1. Vom 16. bis zum 27. Juli 2001 fand in Bonn die Fortsetzung der im November 2000 in Den Haag ohne Ergebnis vertagten 6. Vertragsstaatenkonferenz der Klimarahmenkonvention (COP 6 PART 2) statt. Hier kam es zu einer Einigung über zentrale offene Fragen des Kyoto-Protokolls. Zentraler politischer Erfolg war der 'Bonner Beschluss' ('Bonn Agreement') zur Ausgestaltung des Kyoto-Protokolls zur Begrenzung der Treibhausgasemissionen am Ende des fünftägigen Ministersegments vom 19. bis 23. Juli 2001. Der Bonner Beschluss zur internationalen Klimapolitik war ein historisches Ergebnis: Den Vertragsstaaten - und voran der EU - gelang, trotz des Ausstiegs der USA aus dem Kyoto-Protokoll im März 2001 und des zögerlichen Verhaltens einiger Staaten, eine Einigung zu erreichen und die Voraussetzungen für die Ratifikation und Umsetzung des Kyoto-Protokolls zu schaffen.

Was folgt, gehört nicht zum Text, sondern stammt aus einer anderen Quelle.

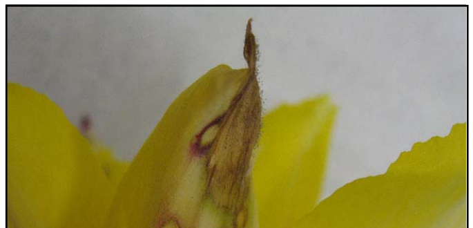
Figure 3: Close-up showing gray fungus on infected petal

Outer bulb scales may also become infected and show yellow to brown, somewhat sunken, circular lesions. Small, shiny black sclerotia, resting structures of the fungus, may be found develop on rotting leaf, flower, stem, and bulb tissue.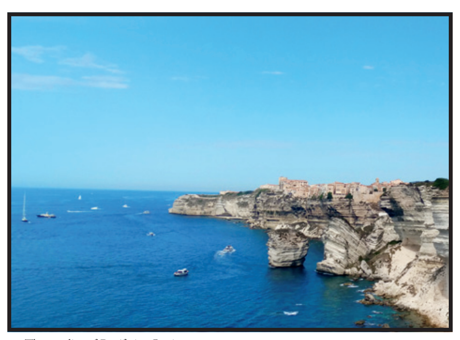
The coastline of Bonifacio, Corsica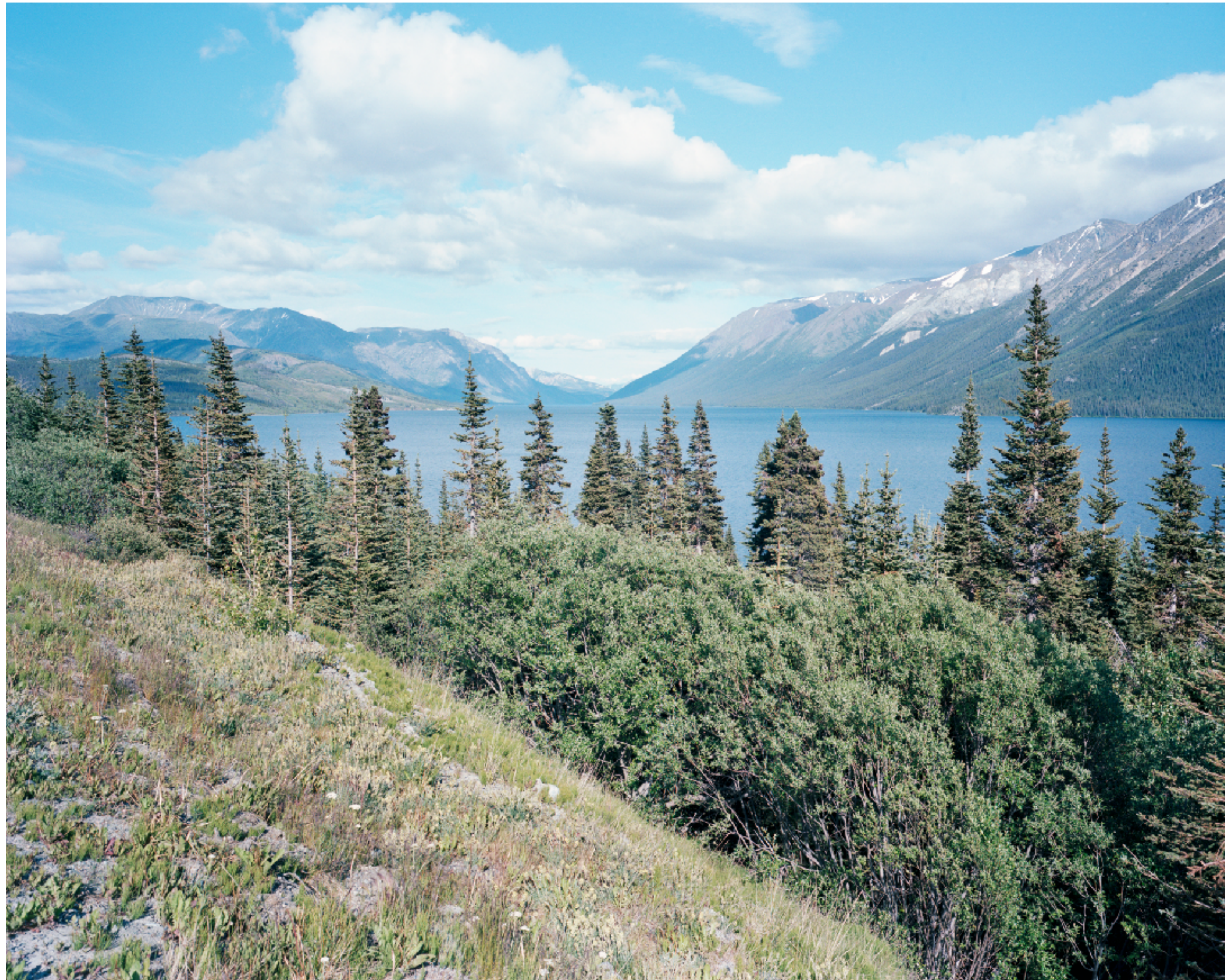
2. 2011, Untitled, 24"x30", Archival Color Print

Gleichzeitig gebührt der Bonner Klimakonferenz das Verdienst, dass sie den zuletzt stark in die Kritik geratenen internationalen Klimaverhandlungsprozess wiederbelebt hat. Ein Scheitern der Klimaverhandlungen in Bonn hätte voraussichtlich das Ende für das Kyoto-Protokoll bedeutet, nachdem bereits die Konferenz im November 2000 in Den Haag ohne Ergebnis geblieben war.

  2. Vom 29. Oktober bis 10. November 2001 fand in Marrakesch, Marokko die 7. Vertragsstaatenkonferenz der Klimarahmenkonvention (COP 7) statt. Zentrales Ergebnis der UN-Klimakonferenz war das Übereinkommen von Marrakesch, ein Paket von 15 Entscheidungen zur Ausgestaltung und Umsetzung des Kyoto-Protokolls, unter anderem zum System der Erfüllungskontrolle, zur Nutzung der sogenannten Kyoto-Mechanismen, zur Anrechenbarkeit von Senken sowie zur Förderung des Klimaschutzes in Entwicklungsländern. Mit dem Abkommen von Marrakesch hat die Konferenz den Weg frei gemacht für das in Kraft treten des Kyoto-Protokolls.